---------- Exercise data ----------
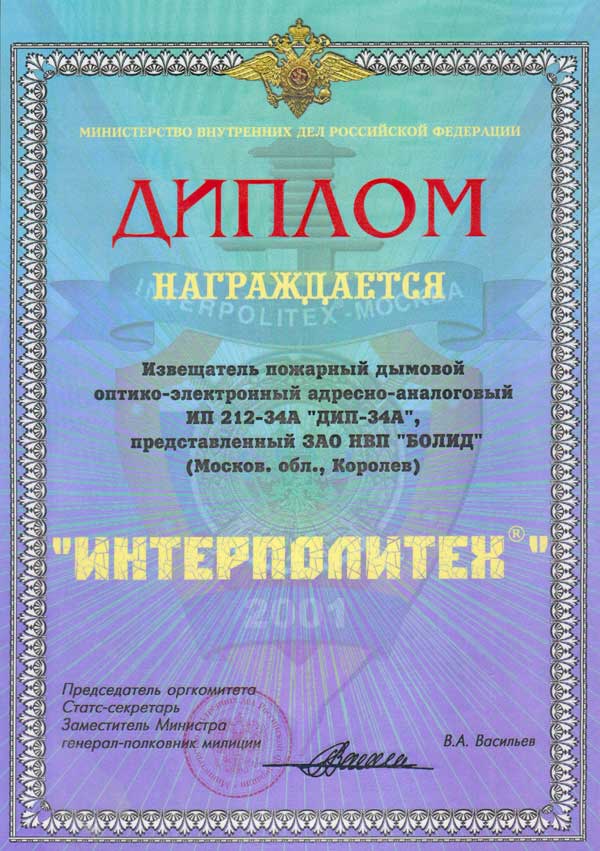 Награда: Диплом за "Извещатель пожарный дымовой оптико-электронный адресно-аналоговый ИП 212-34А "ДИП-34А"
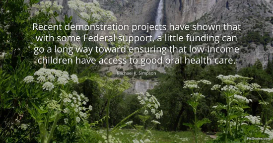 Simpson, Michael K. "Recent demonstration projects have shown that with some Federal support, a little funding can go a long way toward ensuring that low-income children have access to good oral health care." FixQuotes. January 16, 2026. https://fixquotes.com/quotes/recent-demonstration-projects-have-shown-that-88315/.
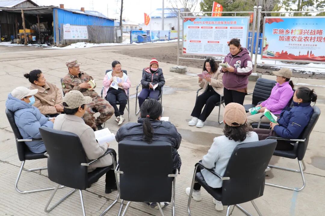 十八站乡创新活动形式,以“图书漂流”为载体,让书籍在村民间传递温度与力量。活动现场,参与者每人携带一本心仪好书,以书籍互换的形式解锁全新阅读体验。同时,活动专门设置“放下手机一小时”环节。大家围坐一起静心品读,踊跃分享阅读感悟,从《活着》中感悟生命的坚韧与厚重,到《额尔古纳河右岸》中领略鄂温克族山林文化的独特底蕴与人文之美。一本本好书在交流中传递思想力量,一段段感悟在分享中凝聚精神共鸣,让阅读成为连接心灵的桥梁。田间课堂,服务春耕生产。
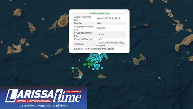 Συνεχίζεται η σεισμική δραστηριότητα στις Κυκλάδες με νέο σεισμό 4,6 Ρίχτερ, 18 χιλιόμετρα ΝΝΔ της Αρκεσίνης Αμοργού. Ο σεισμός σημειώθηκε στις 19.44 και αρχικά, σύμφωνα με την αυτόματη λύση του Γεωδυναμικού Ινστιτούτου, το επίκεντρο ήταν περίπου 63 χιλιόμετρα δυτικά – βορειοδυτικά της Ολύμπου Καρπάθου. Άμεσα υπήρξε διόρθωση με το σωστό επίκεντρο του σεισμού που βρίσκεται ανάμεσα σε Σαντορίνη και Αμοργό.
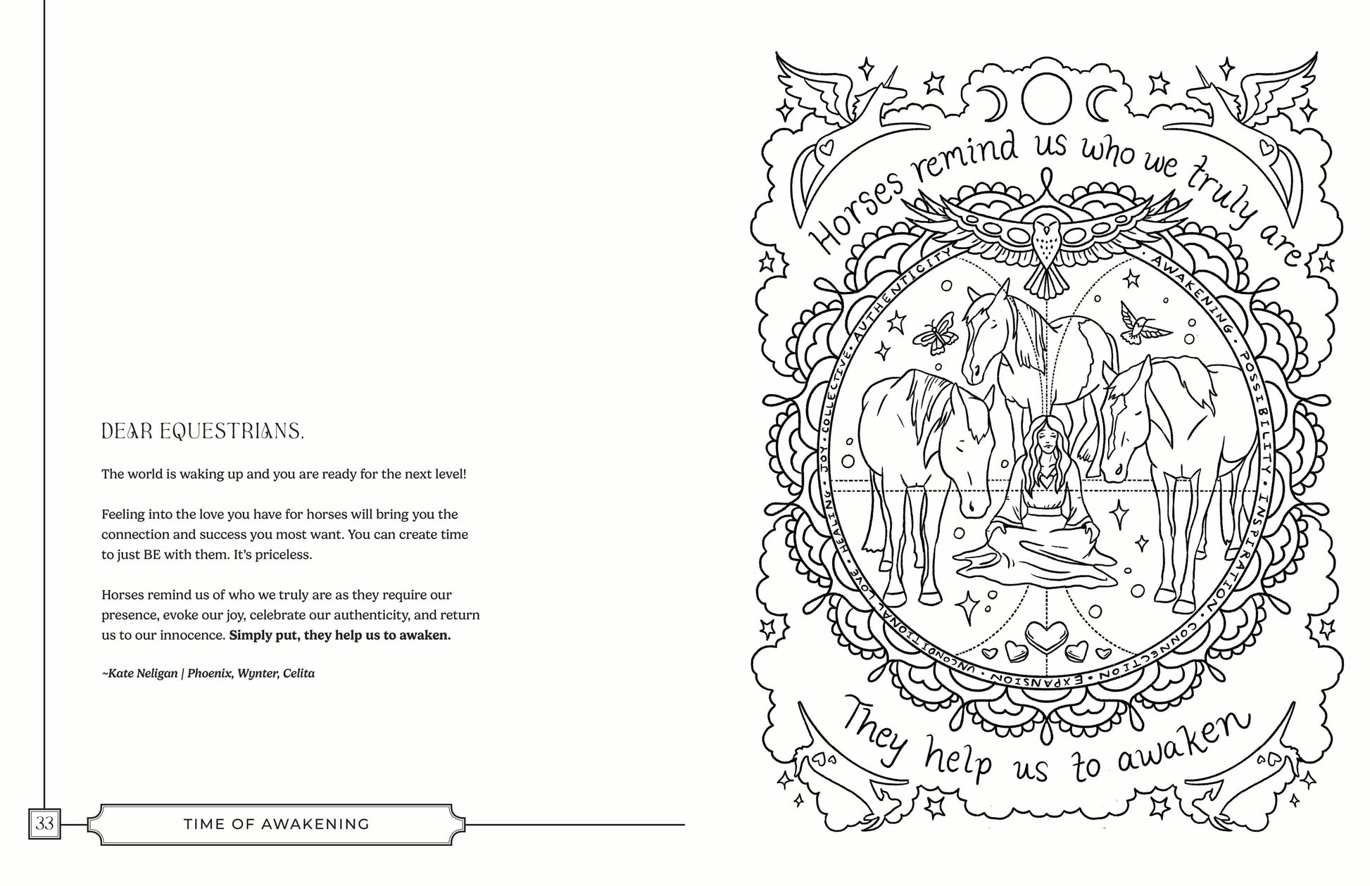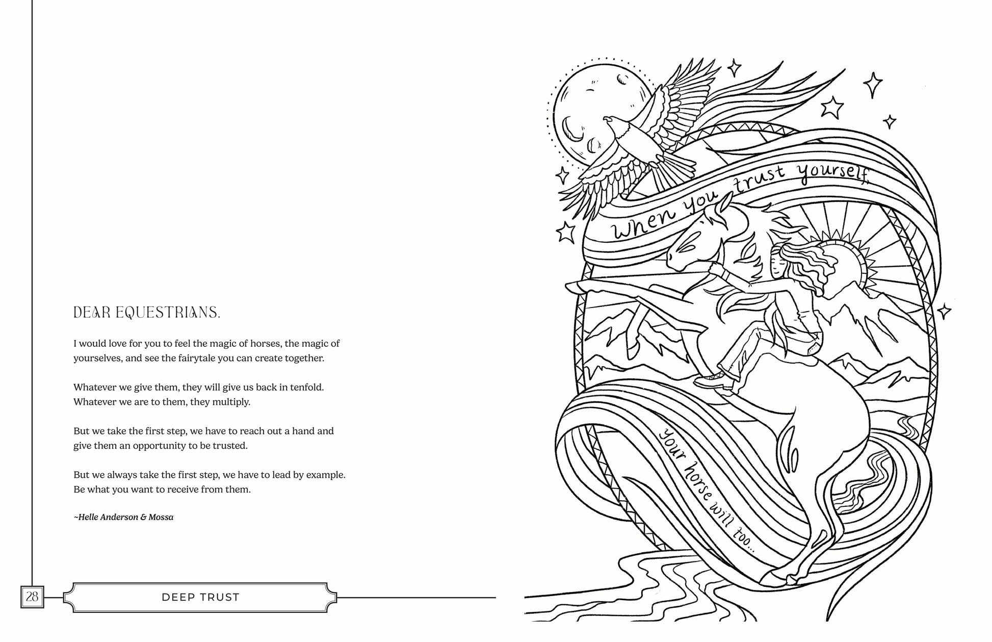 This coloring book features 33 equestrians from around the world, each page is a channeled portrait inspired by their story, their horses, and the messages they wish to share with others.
----------
An exact copy of the whole listing is required, minus the pictures.

Solution to this exercise:
 Награда: Диплом за "Извещатель пожарный дымовой оптико-электронный адресно-аналоговый ИП 212-34А "ДИП-34А"
 Simpson, Michael K. "Recent demonstration projects have shown that with some Federal support, a little funding can go a long way toward ensuring that low-income children have access to good oral health care." FixQuotes. January 16, 2026. https://fixquotes.com/quotes/recent-demonstration-projects-have-shown-that-88315/.
 十八站乡创新活动形式,以“图书漂流”为载体,让书籍在村民间传递温度与力量。活动现场,参与者每人携带一本心仪好书,以书籍互换的形式解锁全新阅读体验。同时,活动专门设置“放下手机一小时”环节。大家围坐一起静心品读,踊跃分享阅读感悟,从《活着》中感悟生命的坚韧与厚重,到《额尔古纳河右岸》中领略鄂温克族山林文化的独特底蕴与人文之美。一本本好书在交流中传递思想力量,一段段感悟在分享中凝聚精神共鸣,让阅读成为连接心灵的桥梁。田间课堂,服务春耕生产。
 Συνεχίζεται η σεισμική δραστηριότητα στις Κυκλάδες με νέο σεισμό 4,6 Ρίχτερ, 18 χιλιόμετρα ΝΝΔ της Αρκεσίνης Αμοργού. Ο σεισμός σημειώθηκε στις 19.44 και αρχικά, σύμφωνα με την αυτόματη λύση του Γεωδυναμικού Ινστιτούτου, το επίκεντρο ήταν περίπου 63 χιλιόμετρα δυτικά – βορειοδυτικά της Ολύμπου Καρπάθου. Άμεσα υπήρξε διόρθωση με το σωστό επίκεντρο του σεισμού που βρίσκεται ανάμεσα σε Σαντορίνη και Αμοργό.
 This coloring book features 33 equestrians from around the world, each page is a channeled portrait inspired by their story, their horses, and the messages they wish to share with others.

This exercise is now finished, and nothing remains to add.